August 23 2014 Latest news:
Friday, June 6, 2014
An Essex farmer said he felt “overjoyed, but humbled” after scooping a top conservation accolade yesterday.
Ashley Cooper was presented with the Farming & Wildlife Advisory Group (FWAG) Silver Lapwing award by the Duke of Westminster at a ceremony held on the Raveningham Estate near Beccles.
Mr Cooper, of HP Coopers Farms, of Hill Farm, Gestingthorpe, near Sudbury, was one of four finalists from across England and Wales battling it out for top place in what judges acknowledged was a particularly tough and closely-fought contest.
“Listening to the accounts of the other farmers, I felt that each of them had done just as much as I had. Clearly the other entrants had done extraordinary things so I felt overjoyed, but humbled,” he said.

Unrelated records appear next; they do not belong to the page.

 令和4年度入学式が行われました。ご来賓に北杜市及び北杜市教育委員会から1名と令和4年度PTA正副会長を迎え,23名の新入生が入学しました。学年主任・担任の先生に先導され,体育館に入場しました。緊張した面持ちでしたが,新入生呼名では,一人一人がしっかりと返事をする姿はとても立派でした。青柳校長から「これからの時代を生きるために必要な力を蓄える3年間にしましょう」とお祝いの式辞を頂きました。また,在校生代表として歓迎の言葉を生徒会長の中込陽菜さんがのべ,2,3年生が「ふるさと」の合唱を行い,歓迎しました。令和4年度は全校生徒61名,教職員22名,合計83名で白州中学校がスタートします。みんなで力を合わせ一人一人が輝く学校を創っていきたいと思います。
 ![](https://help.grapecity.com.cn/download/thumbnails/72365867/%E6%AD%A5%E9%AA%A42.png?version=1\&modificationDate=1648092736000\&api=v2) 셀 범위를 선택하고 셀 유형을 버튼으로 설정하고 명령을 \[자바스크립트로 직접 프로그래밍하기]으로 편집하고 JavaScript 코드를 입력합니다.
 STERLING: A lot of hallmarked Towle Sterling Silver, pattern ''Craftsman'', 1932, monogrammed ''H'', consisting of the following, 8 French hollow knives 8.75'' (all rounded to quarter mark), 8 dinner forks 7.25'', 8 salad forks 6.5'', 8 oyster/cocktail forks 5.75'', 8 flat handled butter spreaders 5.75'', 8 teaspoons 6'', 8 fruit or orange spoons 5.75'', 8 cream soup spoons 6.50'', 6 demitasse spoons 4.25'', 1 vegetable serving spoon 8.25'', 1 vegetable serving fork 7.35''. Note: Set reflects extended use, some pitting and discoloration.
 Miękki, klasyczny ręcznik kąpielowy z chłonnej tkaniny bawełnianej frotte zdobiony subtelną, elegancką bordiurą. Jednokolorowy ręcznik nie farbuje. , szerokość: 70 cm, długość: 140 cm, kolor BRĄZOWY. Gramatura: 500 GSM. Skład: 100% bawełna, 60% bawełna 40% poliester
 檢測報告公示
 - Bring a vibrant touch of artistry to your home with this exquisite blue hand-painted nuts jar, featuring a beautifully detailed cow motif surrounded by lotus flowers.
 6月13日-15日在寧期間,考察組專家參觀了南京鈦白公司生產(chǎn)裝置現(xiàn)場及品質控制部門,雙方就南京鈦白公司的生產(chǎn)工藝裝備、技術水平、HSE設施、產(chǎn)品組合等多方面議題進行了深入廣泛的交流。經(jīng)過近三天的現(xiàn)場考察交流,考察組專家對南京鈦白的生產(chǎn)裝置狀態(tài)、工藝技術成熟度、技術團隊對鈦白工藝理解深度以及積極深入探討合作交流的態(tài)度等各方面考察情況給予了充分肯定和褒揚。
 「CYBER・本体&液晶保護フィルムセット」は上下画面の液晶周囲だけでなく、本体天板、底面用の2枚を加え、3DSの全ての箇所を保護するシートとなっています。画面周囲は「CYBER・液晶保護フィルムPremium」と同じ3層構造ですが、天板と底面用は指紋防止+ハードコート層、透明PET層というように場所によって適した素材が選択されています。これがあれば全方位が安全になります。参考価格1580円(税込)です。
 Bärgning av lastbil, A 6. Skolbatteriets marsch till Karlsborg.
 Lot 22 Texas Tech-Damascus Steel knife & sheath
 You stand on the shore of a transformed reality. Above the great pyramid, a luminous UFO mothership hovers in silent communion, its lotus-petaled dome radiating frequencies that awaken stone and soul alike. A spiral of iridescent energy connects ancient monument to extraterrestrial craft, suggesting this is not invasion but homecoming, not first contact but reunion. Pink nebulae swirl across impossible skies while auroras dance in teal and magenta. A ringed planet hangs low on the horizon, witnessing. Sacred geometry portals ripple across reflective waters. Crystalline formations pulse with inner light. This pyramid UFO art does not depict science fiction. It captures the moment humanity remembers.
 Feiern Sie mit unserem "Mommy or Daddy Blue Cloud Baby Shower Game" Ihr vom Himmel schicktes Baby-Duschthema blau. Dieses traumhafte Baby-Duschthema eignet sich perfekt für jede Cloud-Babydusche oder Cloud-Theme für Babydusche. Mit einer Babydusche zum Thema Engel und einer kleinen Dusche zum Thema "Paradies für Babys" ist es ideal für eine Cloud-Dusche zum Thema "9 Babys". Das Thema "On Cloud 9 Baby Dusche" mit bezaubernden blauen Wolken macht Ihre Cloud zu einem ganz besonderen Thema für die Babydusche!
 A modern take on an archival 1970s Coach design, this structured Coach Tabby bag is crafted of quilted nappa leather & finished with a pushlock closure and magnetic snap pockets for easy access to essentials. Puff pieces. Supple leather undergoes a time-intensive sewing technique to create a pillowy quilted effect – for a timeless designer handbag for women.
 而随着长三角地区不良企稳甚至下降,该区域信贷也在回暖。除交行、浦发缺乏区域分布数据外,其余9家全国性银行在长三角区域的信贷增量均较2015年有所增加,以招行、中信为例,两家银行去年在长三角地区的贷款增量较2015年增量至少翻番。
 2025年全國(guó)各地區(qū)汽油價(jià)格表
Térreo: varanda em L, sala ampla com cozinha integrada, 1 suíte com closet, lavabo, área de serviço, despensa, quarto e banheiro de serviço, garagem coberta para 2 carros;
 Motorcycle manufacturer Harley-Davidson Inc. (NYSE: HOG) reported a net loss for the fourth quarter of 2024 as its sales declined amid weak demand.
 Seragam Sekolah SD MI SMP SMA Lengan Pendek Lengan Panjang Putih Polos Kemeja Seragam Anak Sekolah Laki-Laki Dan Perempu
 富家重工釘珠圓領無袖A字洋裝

In a moving acceptance speech, he paid tribute to his FWAG adviser, Rebecca Inman, for the support she had given to him.
“The FWAG advisers over the years have helped give my farm its heart, its soul and its beauty,” he said.
“I would like to say how overwhelmingly thrilled I am that FWAG is still continuing.”
It was 39 years to the day that he went as a very young man to the first ever FWAG event in Essex, he told the audience. He paid tribute to everyone who had helped him on the farm over the past 40 years and “who cherishes and loves it as much as I do”.
The Silver Lapwing Award event, now in its 37th year, celebrates the efforts of farmers and landowners who demonstrate outstanding commitment to conservation and environmental management within commercially-successful farming enterprises.
Mr Cooper’s farm, based in the Belchamp Brook valley, was selected in recognition of its extensive efforts to protect and enhance the countryside.
As well as growing winter wheat, barley, beans and oilseed rape on his 280ha farm, Mr Cooper is keen on practical conservation, conserving historical artefacts found on the farm, and encouraging schoolchildren to see how food is grown.
Judge Charles Beaumont acknowledged the collapse of the national FWAG body two years ago had been a “bruising process”, but added that it had now been resurrected and the award was still going strong. “This is still the competition that all seriously conservation-minded farmers want to win,” he said.
The finalists were “judged strictly”, he said, and were all “very special farmers and conservationists indeed”.
He singled out for praise the “wonderful museum” created on Mr Cooper’s farm to hold some of the finds discovered from the remains of a Roman villa on the site.
“All in all we loved being there and it was a wonderful entry,” he said. Everything had been “done with a very big dose of love and a strong eye for detail”. “It was a cracking entry,” he said. It was one of two entries he classed as “absolutely outstanding” in the competition.
Glasnant Morgan, of Brecon, came a close second in the contest, and the runner-ups were Dougal Hosford, of Blandford, Dorset, and John Miller, of Nottinghamshire.